住所を見たとき、震災の影響で物流が滞ってないのか一抹の不安を覚えながら、
近所のコンビニから修理品を宅急便で送った。
6月18日(日)に発送して、サービスセンターに到着する予定日は20日(火)だった。
発送する時、どうせ1万円ちょっとで買った安いモデルだったし、
防水、耐衝撃性のある機種だったのでエアキャップに包んで簡単に封筒に入れて送った。
正直、今回の修理は液晶交換が明らかだったので、
修理に出す方が、郵送料や相手側のコストを考えて割に合わないことはわかっていた。
しかし、ものつくりに携わる者の性か、製品を大切に使ってあげたいという気持ちに駆られて、
面倒だなという気持ちを抱きつつも修理依頼することにした。
発送して22日の木曜日、夜仕事を終え帰宅すると、
ポストの中に富士フィルムのサービスセンターから不在通知が届いていた。
郵送のタイムラグを考えると、
20日サービスセンターに到着、
21日には修理完了して航空便で即発送、
22日に東京の我が家に到着ということになる。
ずいぶん早い対応だから、もしかしたら保証不可という内容で送り返されたかと邪推をしてしまった。
それから荷物を受け取り、自分の余計な推測を恥じた。
受け取った段ボール箱の外装にこんなラベルが張ってあった。
がんばろう!日本
東日本大震災にて被害を受けられました皆様には、心よりお見舞い申し上げるとともに、
一日も早い復旧をお祈り申し上げます。
宮城県栗原市にある弊社修理サービスセンターも甚大な被害を受けました。
しかし、多くの方々の支援をはじめ、_”お客様の大切なフォトライフのお手伝いをしたい”
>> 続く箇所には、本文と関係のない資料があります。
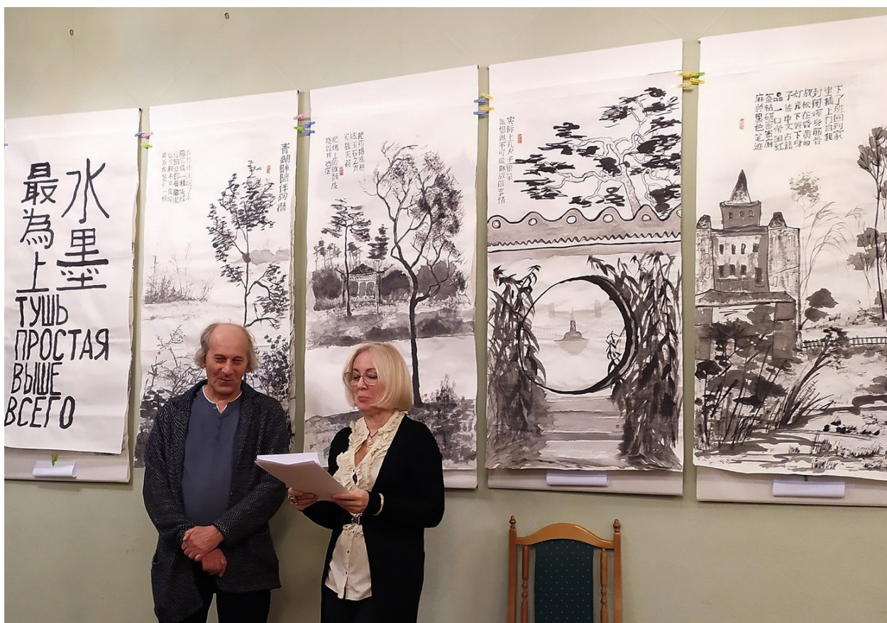
Открытие выставки живописи тушью «水墨最為上。ТУШЬ ПРОСТАЯ ВЫШЕ ВСЕГО». 19 января 2020 г. Выставка проходила в Москве, в библиотеке № 42 имени Андрея Платонова по адресу: ул. Усиевича, 16.

という強い気持ちから、業務を再開することができました。
弊社、復興の【証】をお届けしますので、ご査収下さい。
引き続きご迷惑をおかけすることとなり誠に申し訳ございませんが、
何卒ご了承賜りますよう、重ねてお願い申し上げます。
受け取ったとき、
サービスのスピードと丁寧な梱包に仕事への心意気を感じた。
日通航空による航空便のラベルも貼ってあった。
そして「がんばれ!日本」のラベルを見て鳥肌がたった。じわじわと涙腺が緩んできた。
宮城県栗原市はボランティアで二度訪れた地域、歌津や女川の近隣だ。
RQ東北現地本部がある登米市の隣の市。
津波の被害を受けた沿岸地域から通勤していた人もいるのではないだろうか。
修理を終えたカメラを受け取り、
栗原市のサービスセンターの人々の気持ちがずんずんと伝わって来た。
現地の雇用を守ろうとする富士フィルムの姿勢、
雇用の観点から現地経済を支え、現地の人々も誇りを持って仕事をする。
社員と会社が一つの方向を向いてユーザーに応えている。
同じ製造業に従事している身として、
ユーザーを中心に据えて応える仕事のお手本を見た。
辛い境遇にありながらも、プロとして仕事で応える。
安い商品だしと軽い気持ちで修理の申し込みをした自分が恥ずかしかった。
どんな商品だろうがお客様の気持ちに全力で応える。
東京から修理を依頼した側にありながら、
宮城県栗原市の富士フィルムサービスセンターの社員には大切なことを学んだと思う。